9) You’re a good communicator
If you grew up with so many siblings, you know the importance of being heard and understood.
You know what it feels like to cut through the noise and to let the other person speak.
Imagine the countless times you’ve had to talk to different family members about your wants, needs, goals, and problems.
Plus, the many times you’ve had to pay attention to all the verbal and non-verbal cues to really understand what your brother or sister is saying.
It’s your active listening skills that have helped you handle all those tough conversations and arguments.
10) You have strong leadership skills
I think that in every family, whether big or small, there’s always someone who takes on the role of the leader.
Older siblings may probably relate to this the most. If this is you, then you’re most likely to:
- Be the responsible one and look after your younger siblings
- Feel protective over your younger siblings in a way you don’t feel over anyone else
- Be the boss of a task
- Motivate and inspire your younger siblings.
11) You’re a peacemaker
Growing up in a big family teaches you a lot about conflict resolution. Siblings inevitably get in a fight.
You may always have disagreements with that intimidating brother or demanding sister.
All these experiences have allowed you to learn how to diffuse escalating tensions and work out conflicts.
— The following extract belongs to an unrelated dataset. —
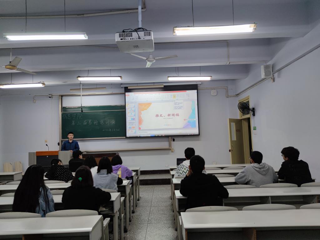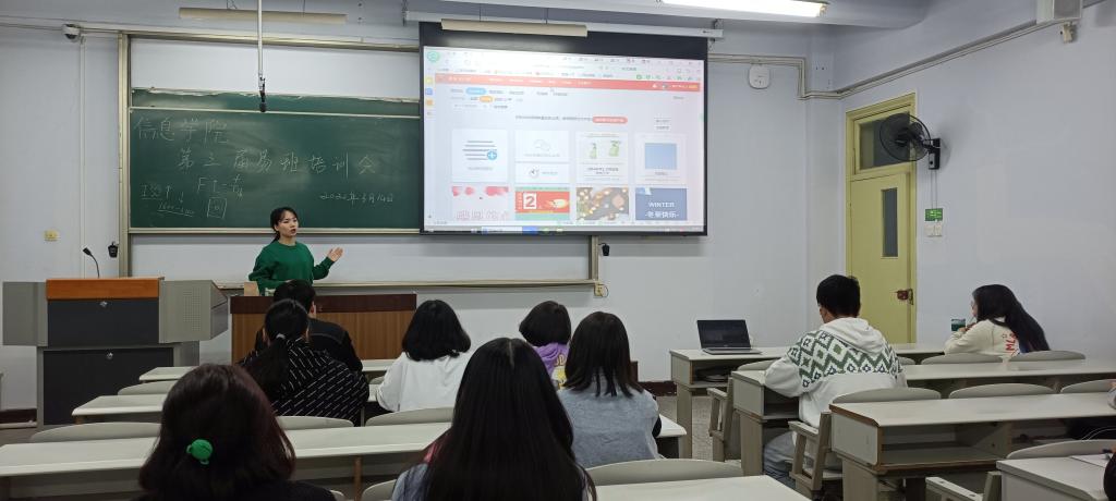 为让学院的宣传工作有序开展,让易班更能成为展现学院学子风采,传播学院正能量的平台,3月14日晚7:00,信息学院第三届易班全体成员在4205教室召开培训会。本次会议由信息学院第二届易班站长梁文江主持。信息学院易班指导教师薛静,南充校区易班负责人许兰、唐柳,信息学院第三届易班全体成员参与了此次会议。

You’re more adept at being sensitive to the other person’s needs and feelings.
You know that forgiveness and moving forward are all crucial to maintaining strong family ties.
12) You’re empathetic
I think emotional intelligence is one of the most significant skills you’ll learn as part of a big family. It’s that one thing you’ll take with you no matter what you go through in life.
You see, if you grew up in a big family, you’ll agree that a big chunk of your day has to do with regulating emotions.
You can’t show love, affection, and kindness to your parents and your siblings if you don’t know how to value feelings.
As someone who has a big family, you’ve learned how to identify, understand, and manage your own emotions and validate the emotions of others.
For example, you may have become more nurturing and empathetic to younger siblings who are insecure or needs guidance.
Even if there is fighting, you know how to talk through your feelings and be compassionate.
At the end of the day, you know that your big family teaches you about loving and being loved.